In the entries below, find the line with "Institute of Southern" and the line with "Männliche Models auf". Reproduce those two lines and every line between them exactly, and nothing more.

THE RECORDS
......
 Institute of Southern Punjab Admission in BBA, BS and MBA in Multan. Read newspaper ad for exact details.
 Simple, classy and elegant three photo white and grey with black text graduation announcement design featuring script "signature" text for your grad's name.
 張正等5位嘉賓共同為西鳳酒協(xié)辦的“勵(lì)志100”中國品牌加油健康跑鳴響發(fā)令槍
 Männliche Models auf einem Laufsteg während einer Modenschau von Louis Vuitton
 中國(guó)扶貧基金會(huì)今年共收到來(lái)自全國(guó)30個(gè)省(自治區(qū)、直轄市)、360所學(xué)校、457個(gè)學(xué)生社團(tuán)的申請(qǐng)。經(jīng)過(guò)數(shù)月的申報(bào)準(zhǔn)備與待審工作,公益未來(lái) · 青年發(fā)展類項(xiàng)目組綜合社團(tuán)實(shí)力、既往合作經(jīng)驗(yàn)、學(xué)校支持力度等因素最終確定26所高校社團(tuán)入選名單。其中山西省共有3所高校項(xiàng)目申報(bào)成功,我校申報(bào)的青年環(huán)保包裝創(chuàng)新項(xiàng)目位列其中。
......
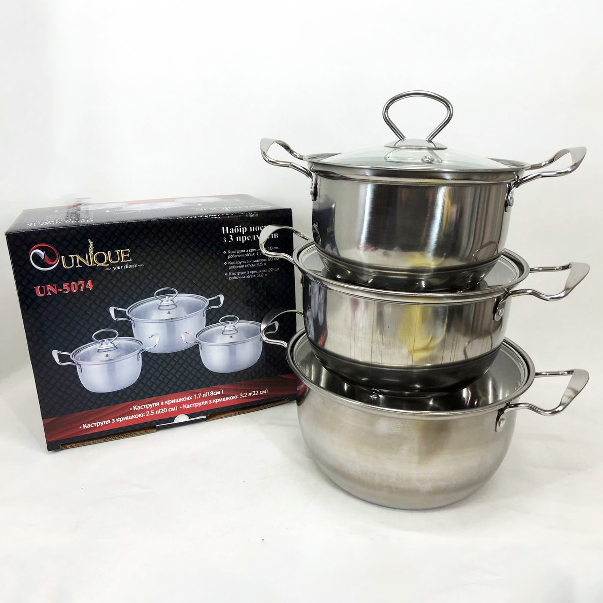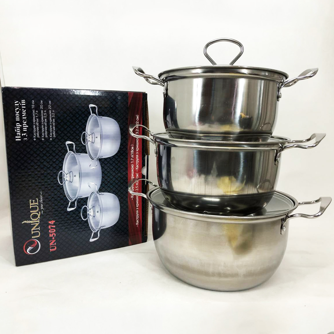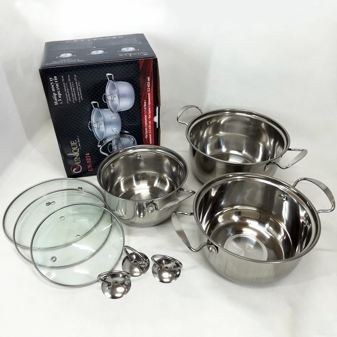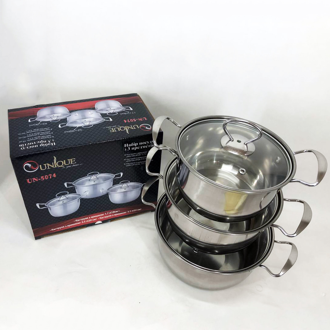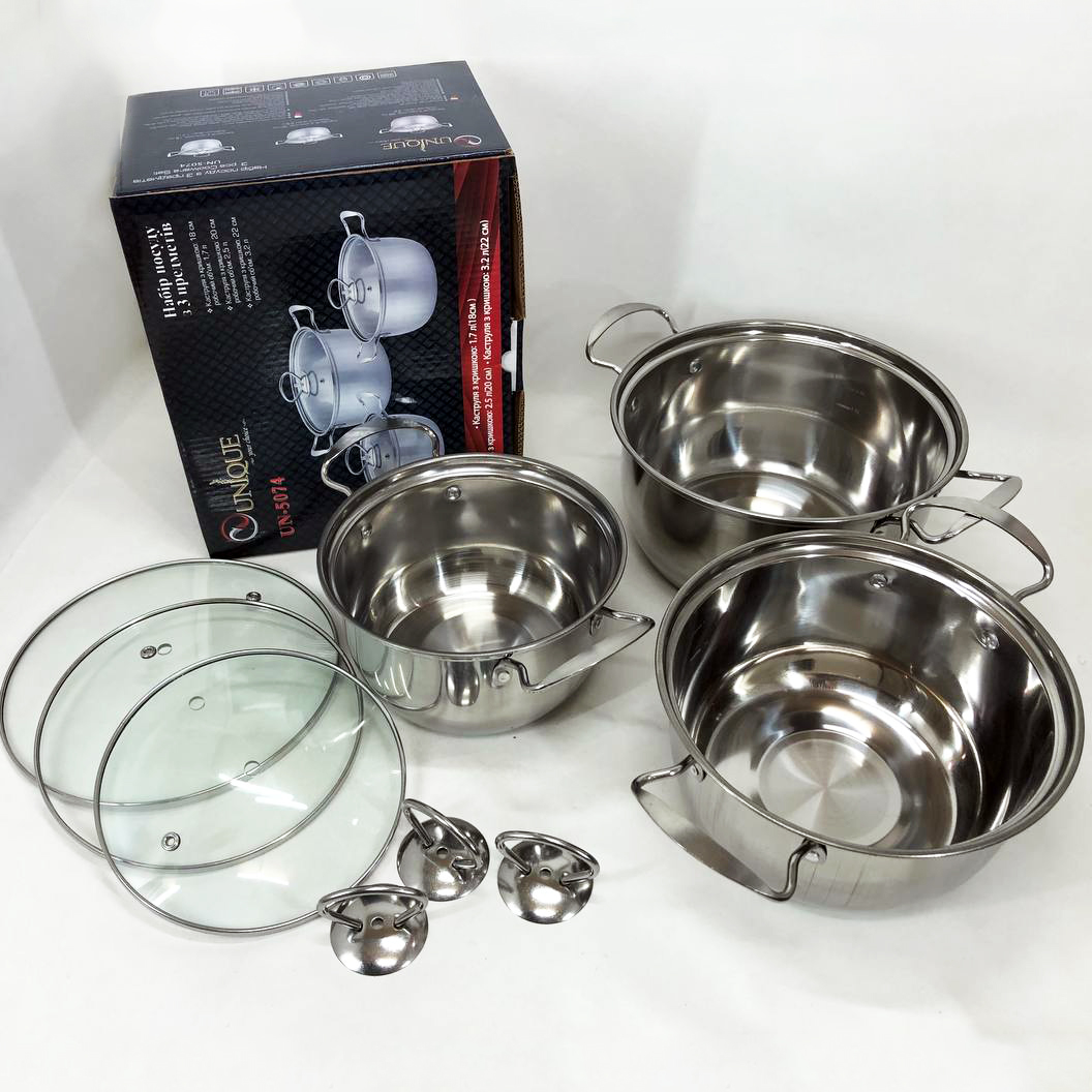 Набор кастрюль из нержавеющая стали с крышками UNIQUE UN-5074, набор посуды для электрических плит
......
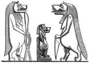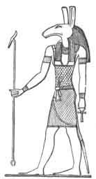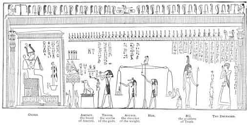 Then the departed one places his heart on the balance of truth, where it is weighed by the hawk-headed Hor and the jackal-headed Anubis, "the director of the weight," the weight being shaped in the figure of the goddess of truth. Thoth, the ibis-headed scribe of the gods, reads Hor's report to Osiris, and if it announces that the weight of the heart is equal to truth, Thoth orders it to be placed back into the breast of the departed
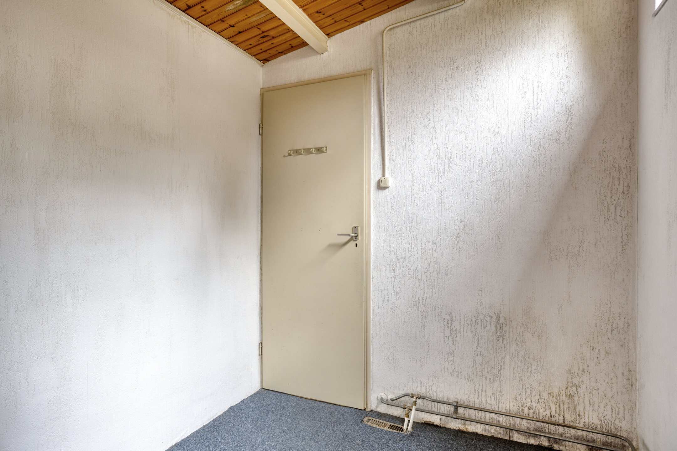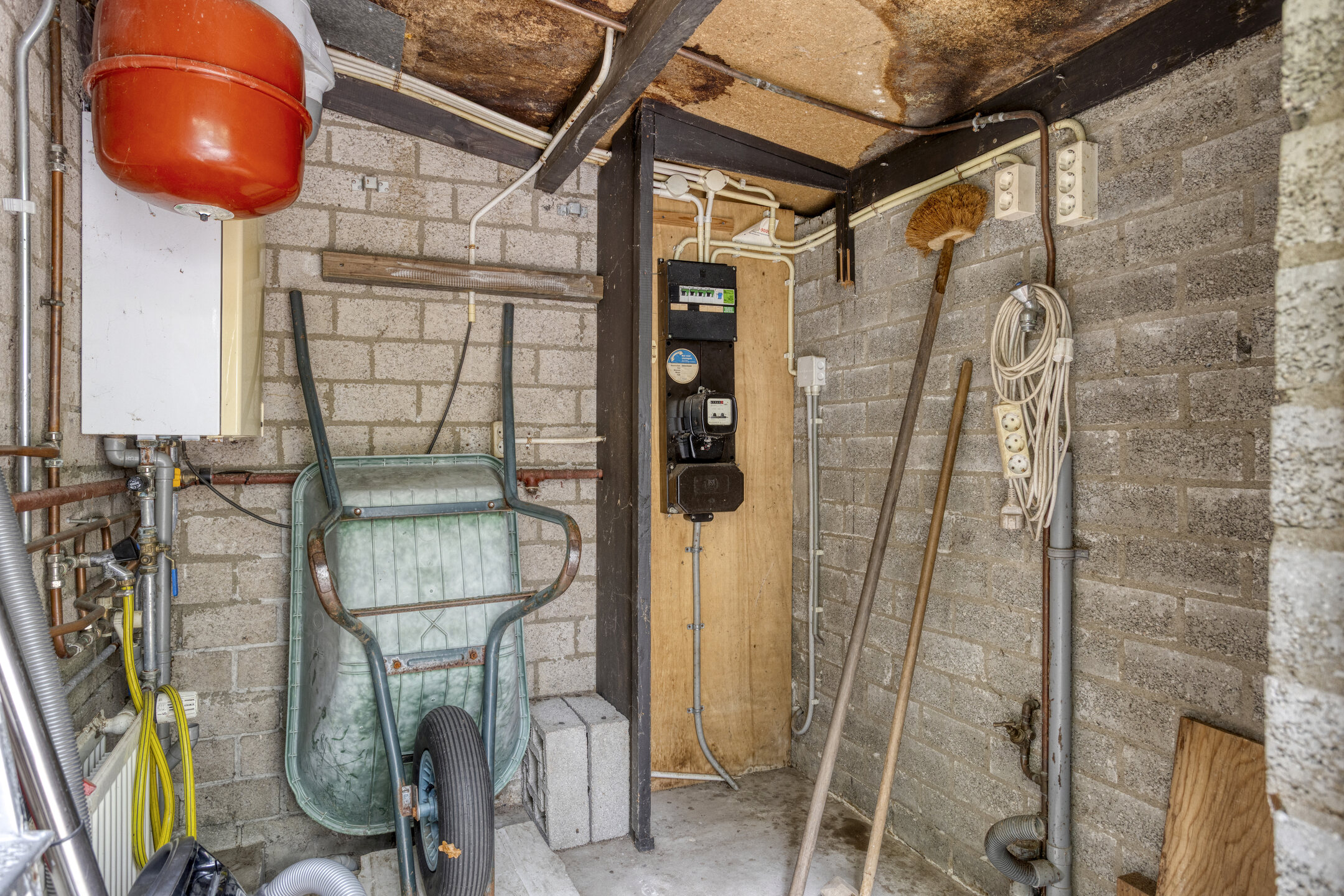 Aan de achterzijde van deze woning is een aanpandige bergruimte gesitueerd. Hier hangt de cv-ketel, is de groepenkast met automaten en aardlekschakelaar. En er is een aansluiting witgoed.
......
PROBLEM SOLUTION
 Institute of Southern Punjab Admission in BBA, BS and MBA in Multan. Read newspaper ad for exact details.
 Simple, classy and elegant three photo white and grey with black text graduation announcement design featuring script "signature" text for your grad's name.
 張正等5位嘉賓共同為西鳳酒協(xié)辦的“勵(lì)志100”中國品牌加油健康跑鳴響發(fā)令槍
 Männliche Models auf einem Laufsteg während einer Modenschau von Louis Vuitton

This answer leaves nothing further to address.